Reification in the Virtuoso Sponger

Note: Some of the underlying implementation of reification is in flux

What is Reification?

Reification is one level of useful abstraction, in which raw triples are modeled as resources in their own right, allowing description and annotation of those triples.

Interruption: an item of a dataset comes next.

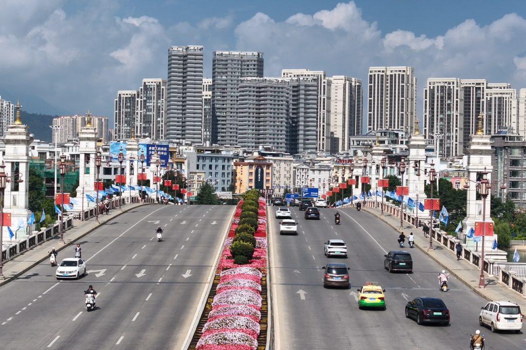 在大理站进出站口天桥、兴盛大桥等地,蓝白相间的道旗迎风扬起,与大理的蓝天白云遥相呼应,共同摇曳出“有风的地方”得天独厚的自然风光,洁净、纯粹、怡人、自然的大理色彩,让大家一同感受有风之城的山川秀丽和浪漫宜居。
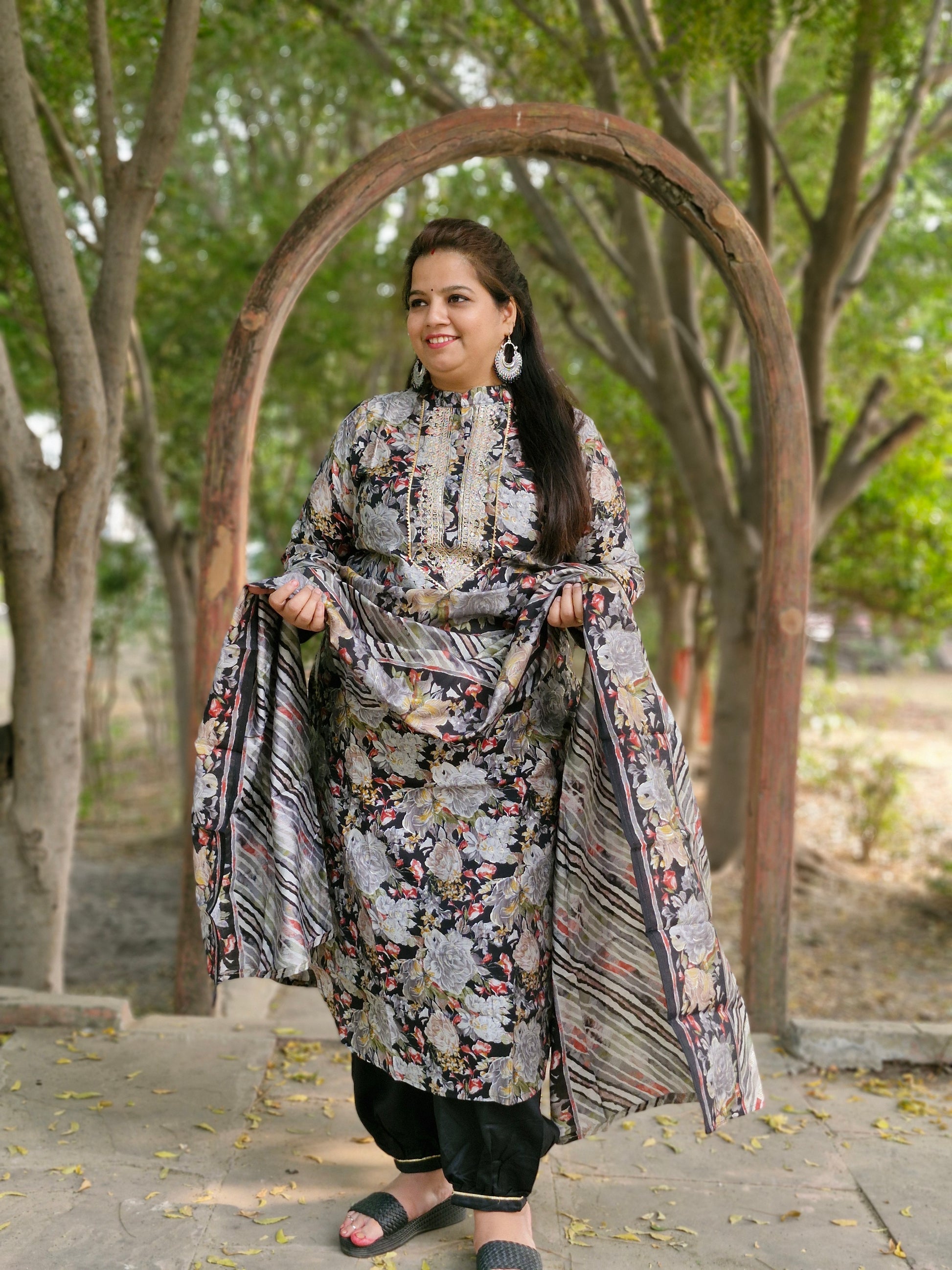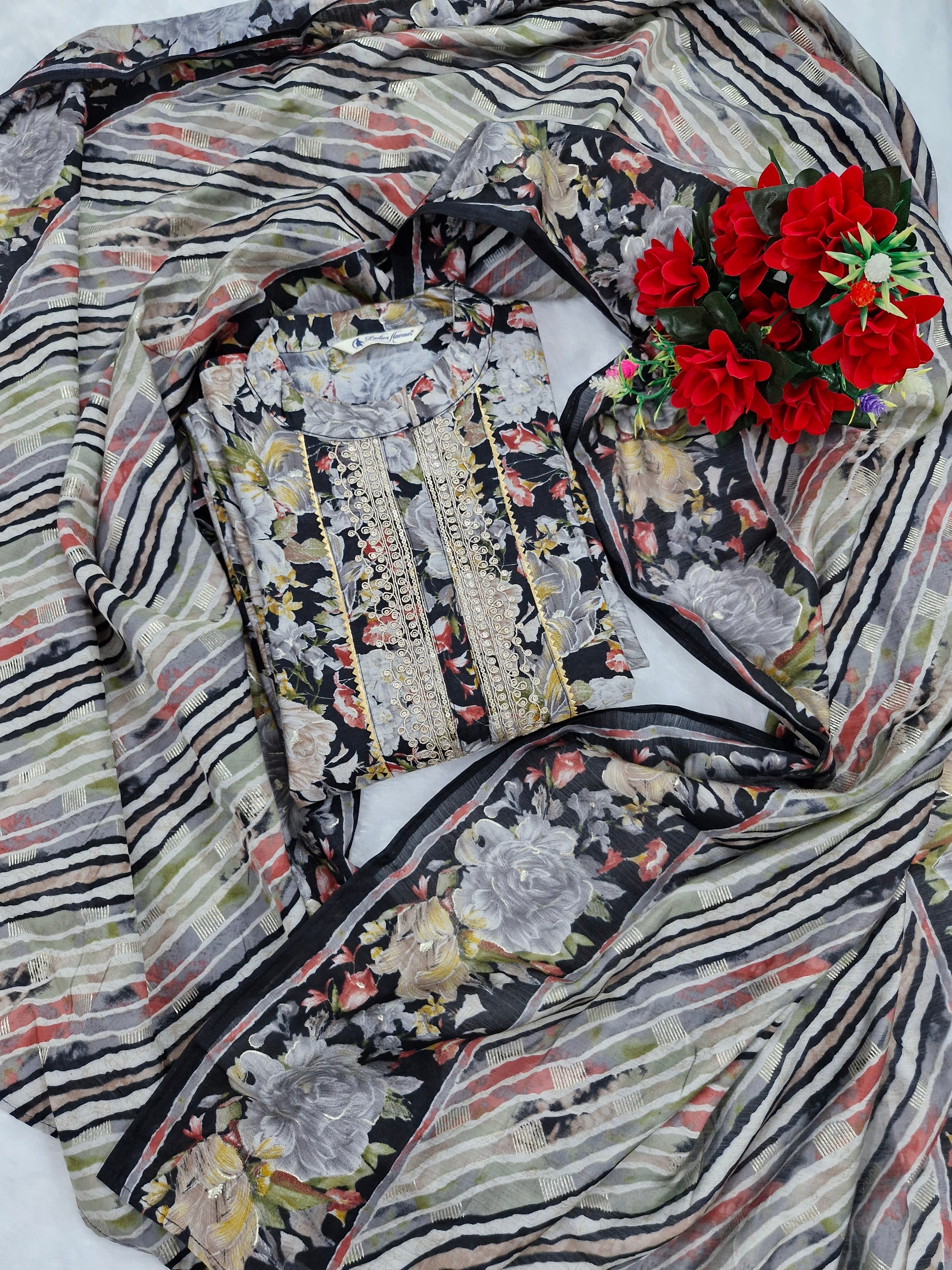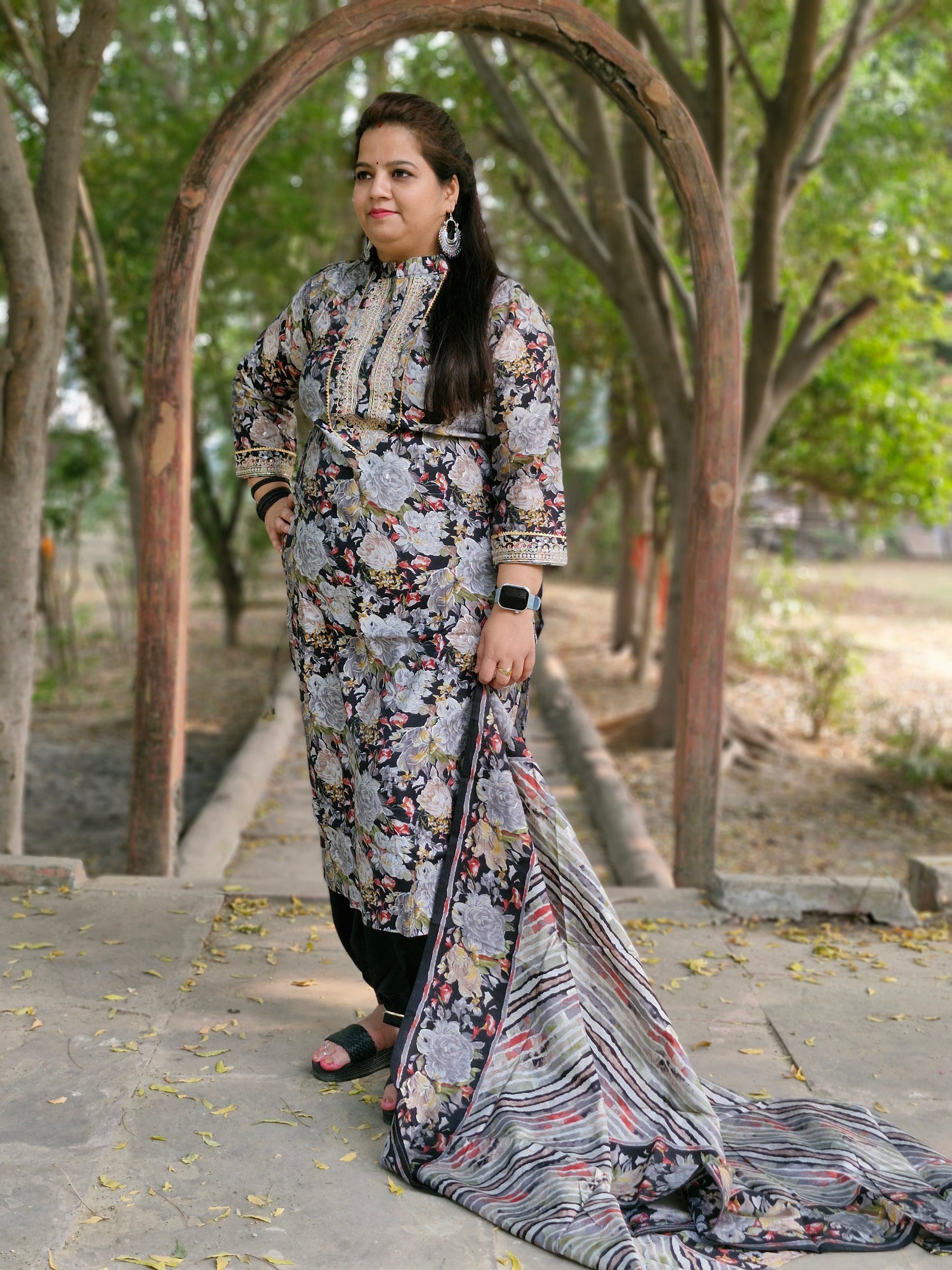 Elevate your ethnic wardrobe with this sophisticated three-piece suit. The kurta features an elegant black base adorned with striking floral prints, complemented by intricate embroidery on the neckline. Paired with solid black bottoms and a stylish dupatta in a bold striped pattern, this outfit is a beautiful blend of tradition and modern flair.

A typical use is provenance: given a particular resource to sponge, the Virtuoso Sponger has many components that can contribute triples, so it can be useful to trace which cartridge is responsible.

Data Islands

In addition to the datasource-specific cartridges, the HTML+Variants extractor cartridge identifies several ways of embedding RDF data in HTML, which we term data islands.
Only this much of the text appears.